Turn off any firewalls for debugging. If the firewall is the problem, you'll have to configure it to allow access to "trusted zone" addresses. Note that some firewalls must be completely uninstalled to stop them from affecting your networking.

*S*tart, *R*un, *CMD* to open a command prompt for the following commands.

PING each remote computer by IP address, and if successful, PING by name. Open a command prompt as described above and type.

PING _<ip address>_ 
or
PING _<computer name>_

Where: 
_<ip address>_ - is the x.x.x.x IP address
_<computer name>_ - is the computer name

*A failure to PING is almost always a firewall configuration issue.
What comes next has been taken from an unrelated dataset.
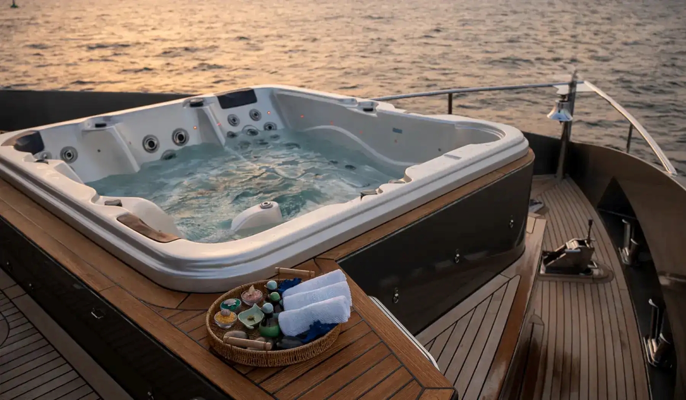 NOTABLE FEATURES OF SANTORINI YACHT: ~ spacious accommodation ~ ensuite staterooms ~ on-deck master suite ~ great exterior deck areas ~ Jacuzzi ~ gym equipment ~ air-conditioning ~ WiFi ~ at anchor ...
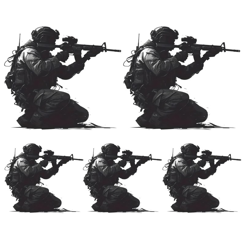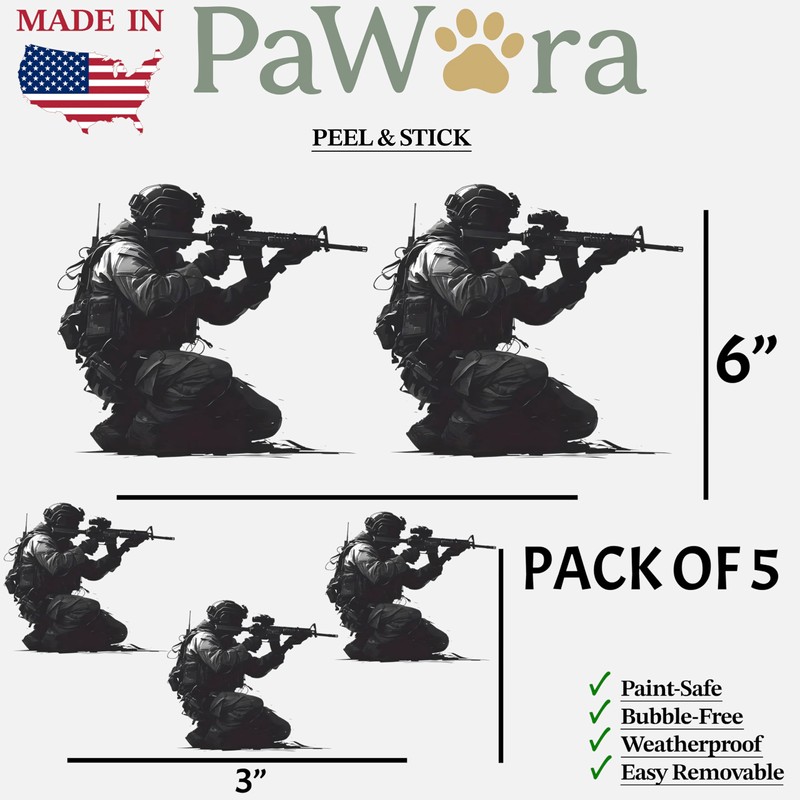 Military Sniper Sticker Pack of 5 – Tactical Infantry Shooter Vinyl Decals for Car, Laptop, Gun Safe, Helmet, Water Bottle – 2 at 6" and 3 at 3" – Removable Waterproof Army Soldier Silhouette

Any failure to PING needs to be corrected before you go any farther.*

_*Note:* You can obtain the IP address and computer name of a computer by opening a command prompt (DOS window) and typing *IPCONFIG /ALL*. This should work for any Windows version. The IPCONFIG /ALL display will provide a wealth of useful information for debugging your network connection._

Check your Services are Started on all PCs: 

Computer Browser
DHCP Client
DNS Client
Network Location Awareness
Remote Procedure Call (RPC)
Server
TCP/IP Netbios helper
Workstation

_*Note:* You can check the services in Control Panel, Administrative Tools, Services._

All of these services should be started, and their startup type should be automatic.
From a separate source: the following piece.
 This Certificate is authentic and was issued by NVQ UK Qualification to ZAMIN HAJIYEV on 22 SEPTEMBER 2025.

All computers should be in the same workgroup for computer browsing to function properly. File & Print Sharing has to be enabled on any computer you wish to share files or printers from. You also need to actually share the resource in question from My Computer, right click on the drive/printer/folder, and select sharing.

If you encounter difficulties accessing computers that are visible in Network Neighborhood, make sure the computer being accessed has an account with the same name/password as the system connecting to it uses to login.
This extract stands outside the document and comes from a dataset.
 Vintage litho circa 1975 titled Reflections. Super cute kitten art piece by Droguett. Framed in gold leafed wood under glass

While the default NetBIOS setting is correct for normal network configurations, it's possible for it to be altered, and it costs nothing to make sure it's correct. NETBIOS over TCP/IP must be enabled for normal network browsing.


----------



## harkje (Nov 20, 2007)

Microsoft Windows [Version 6.0.6000]
Copyright (c) 2006 Microsoft Corporation. Med ensamrätt.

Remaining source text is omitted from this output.